As fragile as Fiat Chrysler Automobiles has appeared to be in recent years, on Friday the company laid out a determined and doable strategy for the post-Sergio Marchionne era — one that should position it to be a highly profitable, stand-alone automaker for the foreseeable future.
That's a far cry from where FCA stood in May 2014, when it last presented a five-year business plan. Then, analysts scoffed at financial projections for 2018 — projections the company is now on track to hit.
And it's a world away from where the company was in November 2009, shortly after Fiat assumed control of a bankrupt Chrysler and presented a plan that would resurrect a company left for dead.
Analysts are no longer scoffing.
"What they presented today really does feel like it builds on what they've accomplished in the last five years," said Stephanie Brinley, principal automotive analyst with IHS Markit who attended the Friday, June 1, presentation in Balocco, Italy. "They are aggressive, but there's logic behind the targets.

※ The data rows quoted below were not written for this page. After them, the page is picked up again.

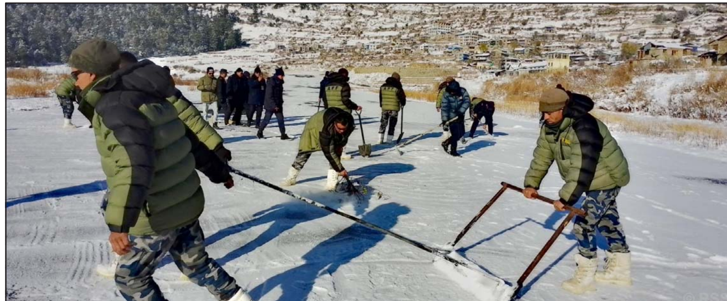
विमानस्थलको हिउँ पन्छाउँदै: हवाई सेवा सञ्चालनमा ल्याउन सिमकोट विमानस्थलको हिउँ पन्छाउँदै सुरक्षाकर्मीको टोली। हुम्लामा आइतवार रातिदेखि सोमवार दिउँसोसम्म हिमपात भएपछि विमानस्थललागायतका क्षेत्रमा हिउँ जमेको छ।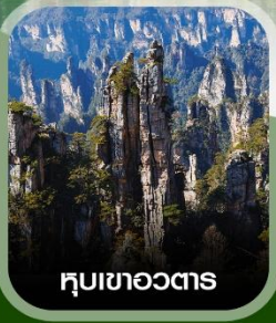
หุบเขาอวตาร

ฟรี ใส่ชุดชนเผ่าท้องถิ่น บัตรตรงลงจางเจียเจีย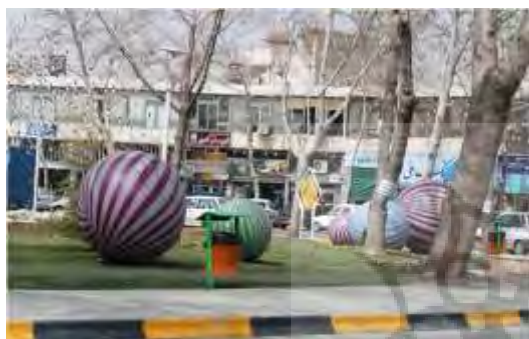
تصویر شماره ۴: المان بریم گل کوچیک

تحلیل نهایی المان: این المان اشاره خاصی به فرهنگ و هویت شهر اسلامی مشهد نمی‌کند و بیانگر بخشی از فرهنگ عمومی مردم است. از این جهت شکل-گیری تصویر ذهنی بر اساس این المان از شهر مشهد، به گونه‌ای که ناظر وقتی بدان نگاه می‌کند، یاد خاطرات گذشته او برایش زنده شود، و از این نظر به کارگیری این المان و مشابه آن در محیط شهری کم رفت و آمد مثبت ارزیابی می‌شود.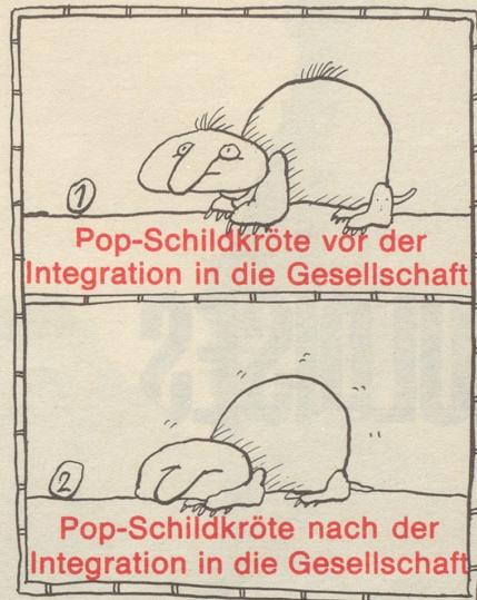
Pop-Schildkröte vor der Integration in die Gesellschaft

The difference between today and 2014 is that FCA is done now needing to set up for an IPO, and done with proving that they can do the things they need to do" to survive independently.
Last week, FCA said it could achieve adjusted earnings before interest and taxes of between 9 and 11 percent by 2022, compared with 6.3 percent adjusted EBIT in 2017. And it said that it would end this month with more cash on hand than debt on its books for the first time since what ultimately became FCA was jammed together almost a decade ago.
Unlike previous five-year plan presentations, CEO Sergio Marchionne and top lieutenants provided few specifics on product timelines, powertrain offerings and volumes. And they had to address persistent criticisms of their previous plans for neglecting how the company would compete in fledgling technologies such as electrification and autonomous driving, and in other industry experiments such as subscription models.
CFO Richard Palmer — seen as a potential CEO when the 65-year-old Marchionne retires in early 2019 — painted a detailed picture of how FCA would remain profitable even if auto sales in North America or globally plunge 20 percent, marking a sharp departure from Chrysler's historical susceptibility to U.S. market downturns.